Юный старец Хопвуд, словно кошка, растягивающая время перед прыжком, повернулся ко мне загорелой спиной, рассчитывая вызвать новый приступ восхищения.
Я зажмурился, чтобы не видеть этого золотого блеска.
А Хопвуд тем временем решил, что сказать:
— С чего вы взяли, что такая старая кляча, как Раттиган, может меня интересовать? — И, потянувшись за полотенцем, он стал растирать грудь и плечи.
— Сами же говорили, что вы были главной любовью ее жизни, а она — вашей и что вся Америка в то лето была влюблена в вас, влюбленных.
Хопвуд повернулся, чтобы проверить, отражается ли на моем лице ирония, которую он заподозрил в голосе.
— Это она подослала вас, чтобы меня отвадить?
— Возможно.
— Скажите, сколько раз вы можете отжаться? А способны вы шестьдесят раз пересечь бассейн? А проехать на велосипеде сорок миль, даже не вспотев? Причем ежедневно? А какой вес вы можете поднять? А сколько человек (я отметил, что он сказал «человек», а не «женщин») поиметь за ночь? — сыпал вопросами Хопвуд.

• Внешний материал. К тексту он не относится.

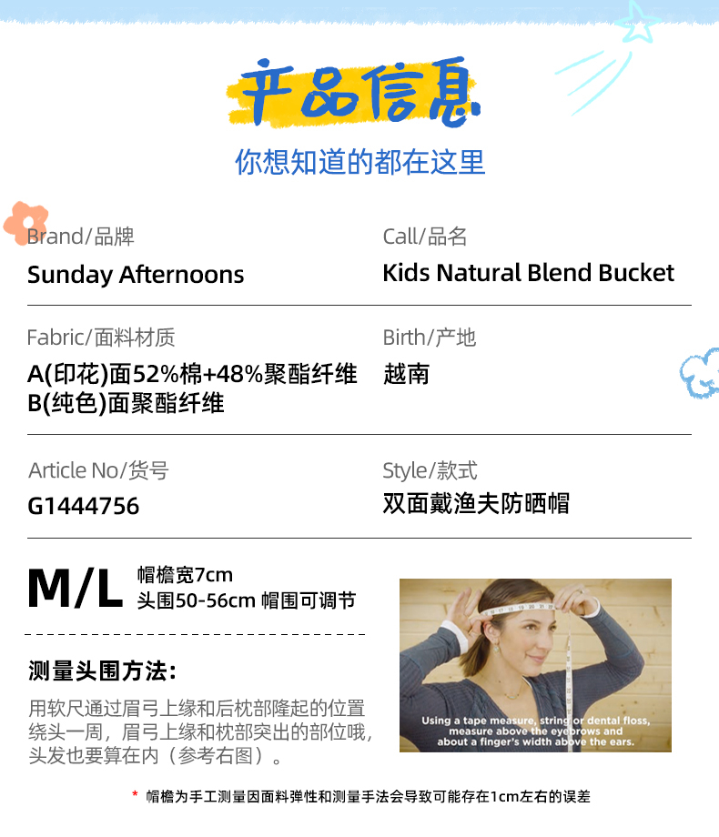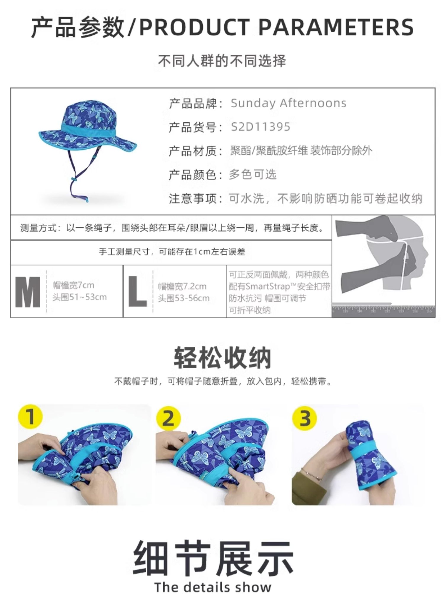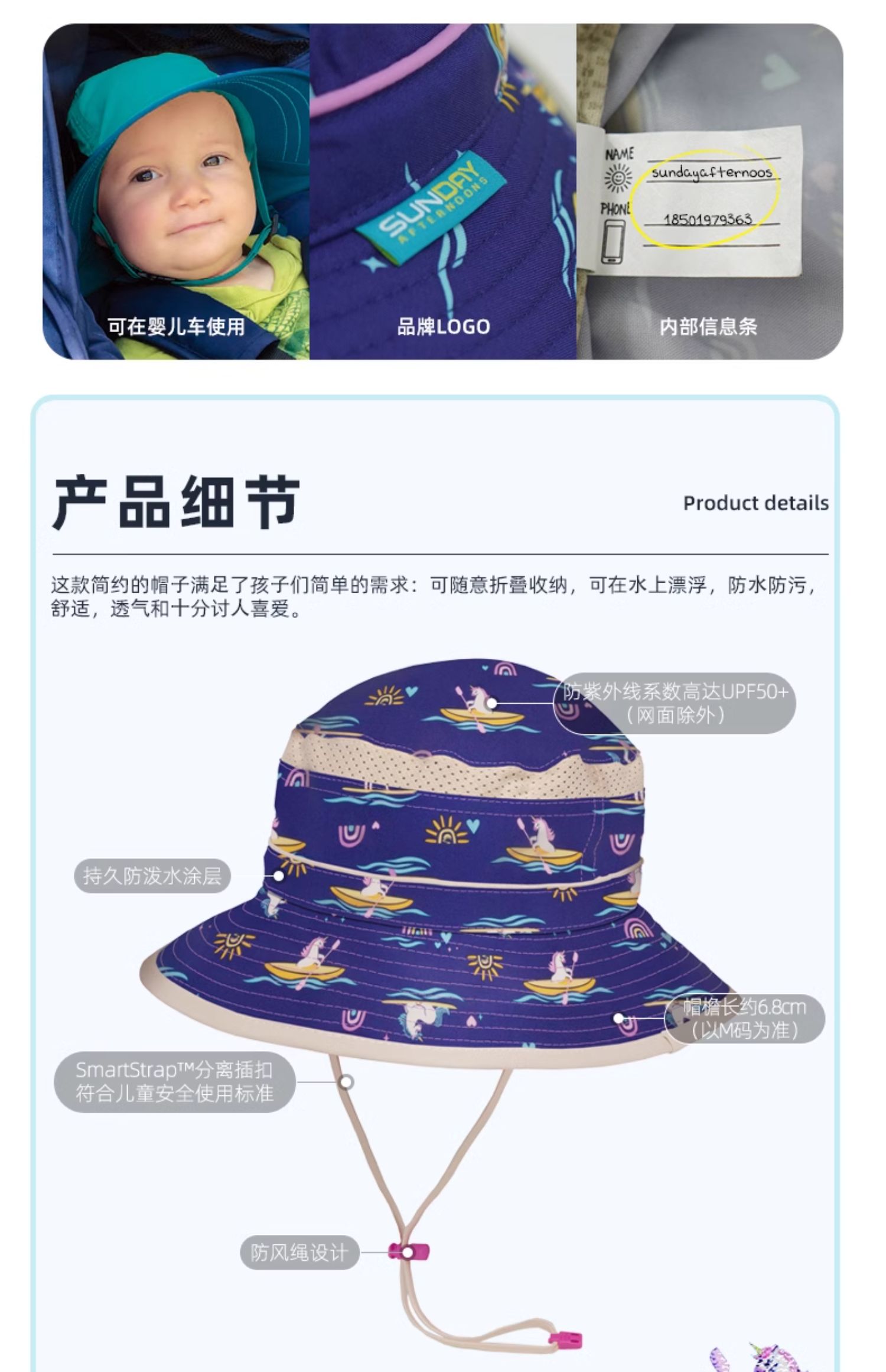 【儿童渔夫帽】Sundayafternoons儿童渔夫帽,Sunday儿童防晒遮阳,UPF50+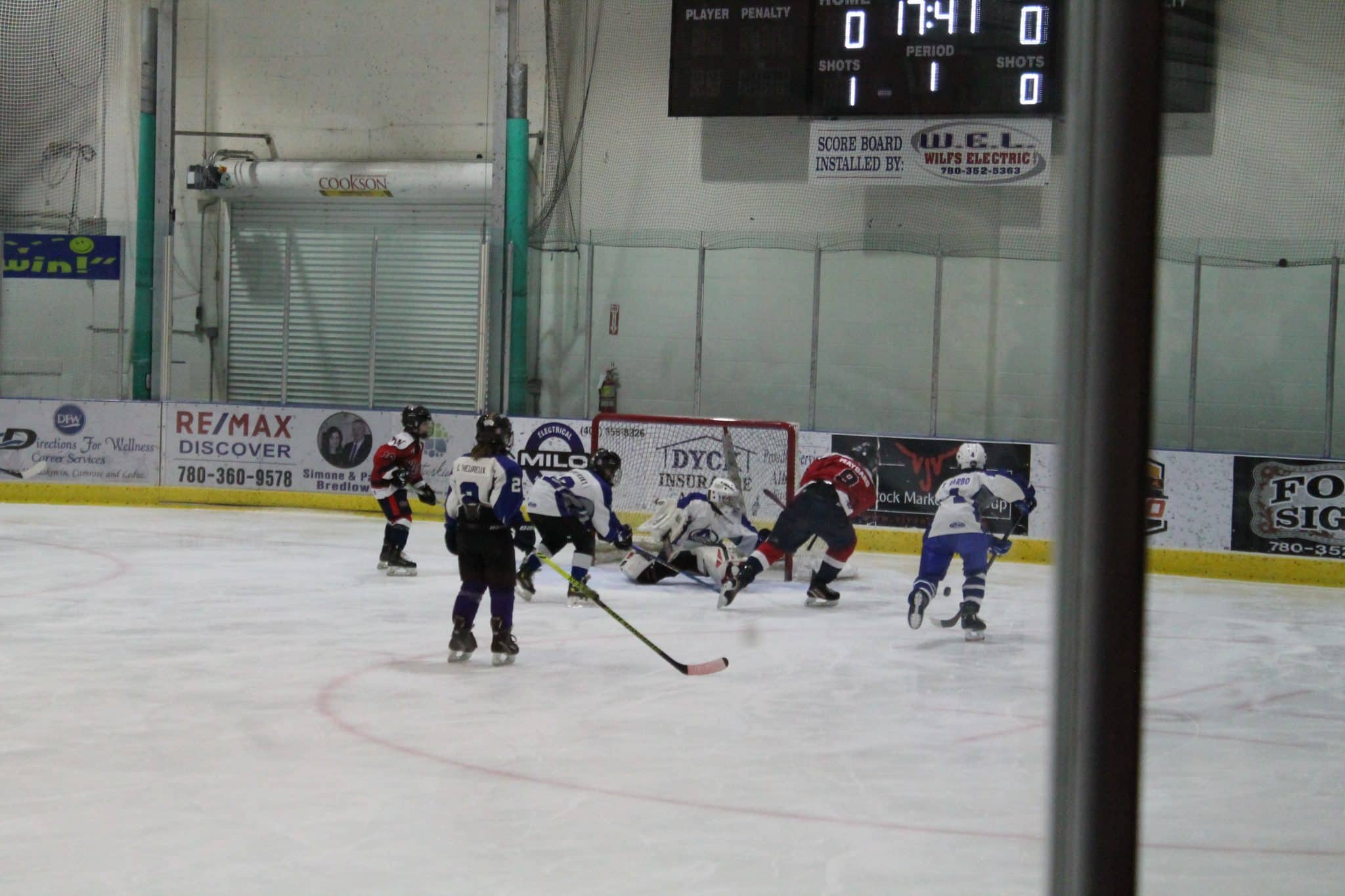 The U11 Avalanche hosted Bonnyville on Saturday morning, with the game ending in a 4–4 tie. Aspyn “Machine Gun” Kelly scored two goals and added an assist. Jase “The Jackal” Malo scored a goal and assisted on another, while “Hurricane” Kael Large added a goal. Maximus “To the Max” Laliberte chipped in with an assist. The goalies from both teams played superbly, including our own Benny “Boy” Saddleback, who made some sensational, timely saves.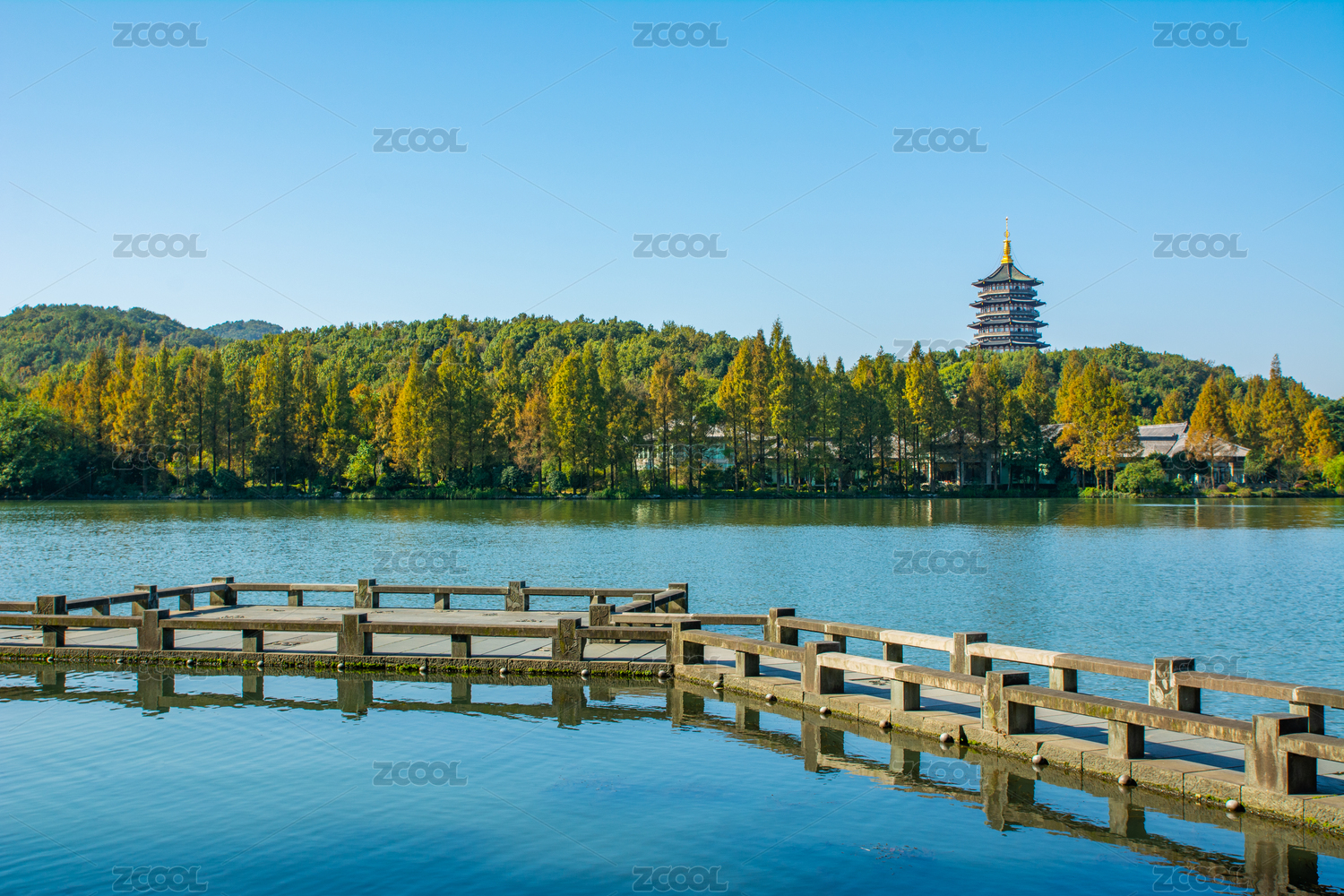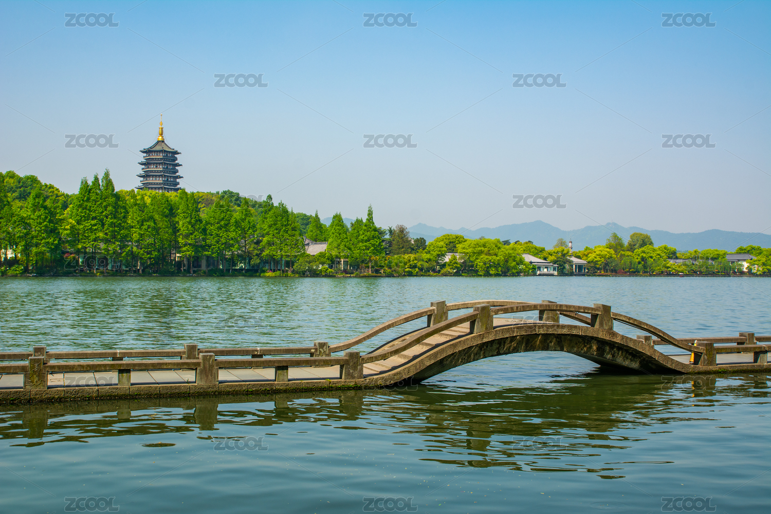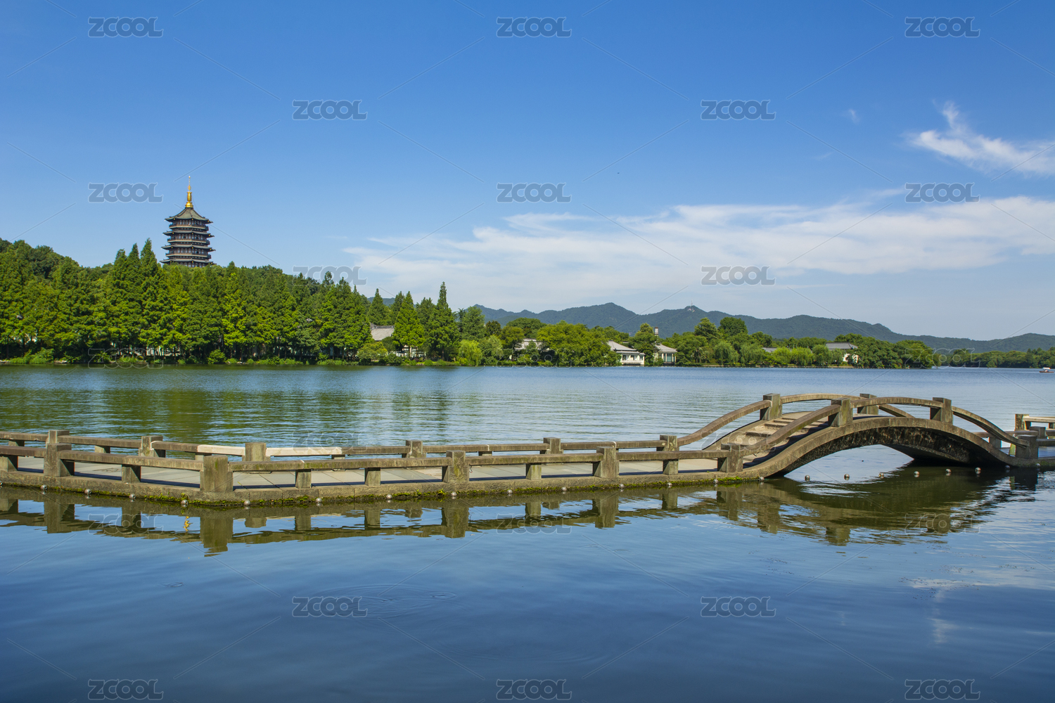 中国浙江杭州西湖地标建筑雷峰塔与长桥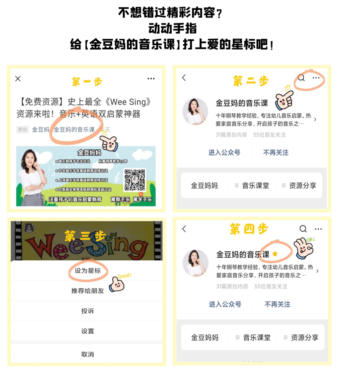 因微信推送机制改版,为了不跟金豆妈失联,大家可以给金豆妈的音乐课公众号设置“星标”,或者看完文章后点亮底部的“点赞或在看”,如果你喜欢金豆妈的内容,还请多多分享至朋友圈,让更多的爸爸妈妈们可以发现金豆妈,让更多的孩子可以喜欢上音乐。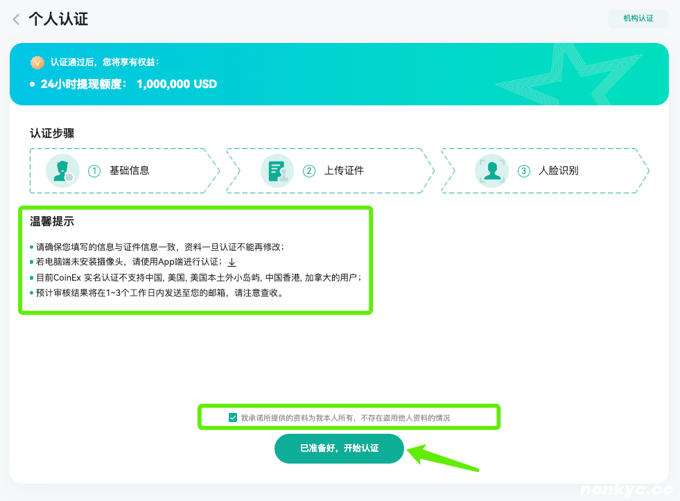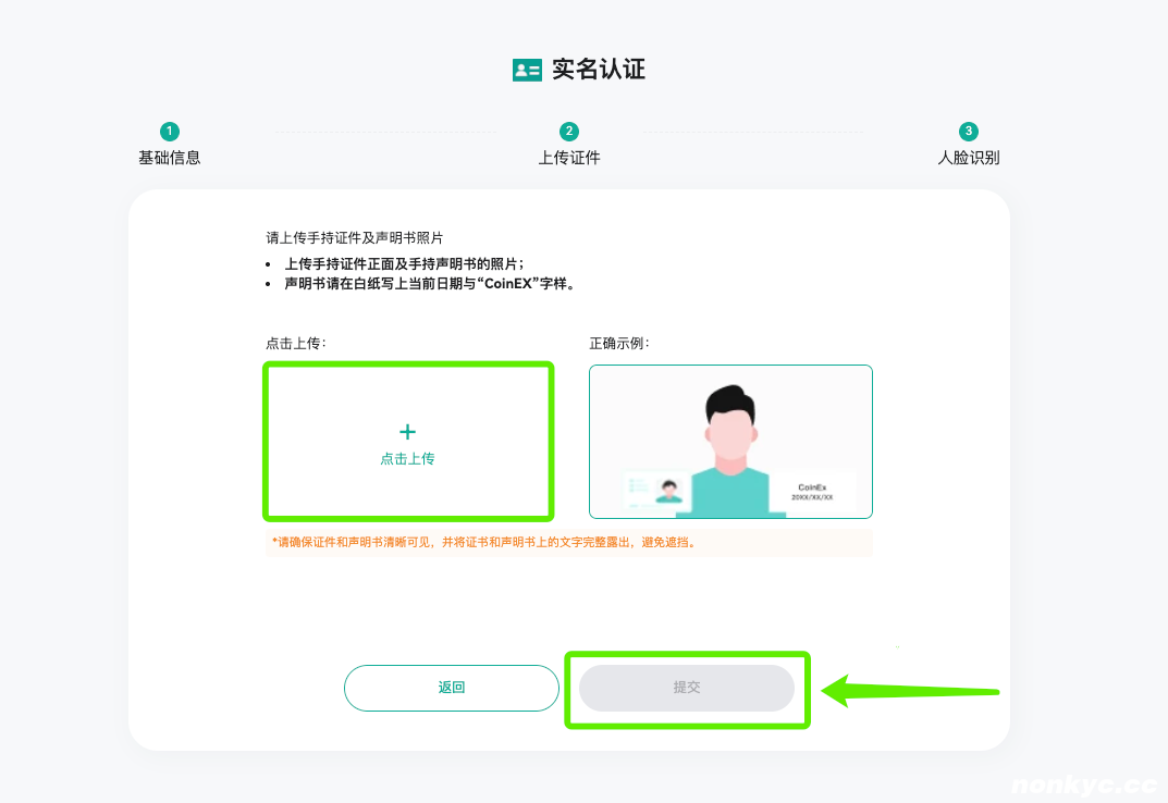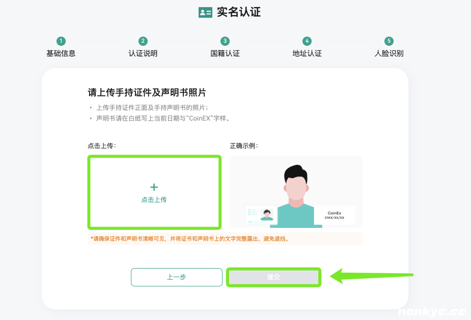 6、请确认手持声明书的内容包含:【CoinEx】与【当前日期】。

— Нет, нет, нет и нет на все ваши вопросы, а на последний — ну, может быть, двух, — отчеканил я.
— Тогда, — произнес Гельмут Гунн, поворачиваясь ко мне великолепной грудью Антиноя, ничуть не уступающей его золотой спине, — выходит, что угрожать мне вы никак не можете! Ja?[143]
Из его рта, в точности похожего на разрез бритвой, из-за блестящих акульих зубов с шипением и свистом вырывались слова:
— Я ходил и буду ходить по берегу!
«Ну да, — подумал я, — впереди гестапо, а сзади сонм солнечных юношей!»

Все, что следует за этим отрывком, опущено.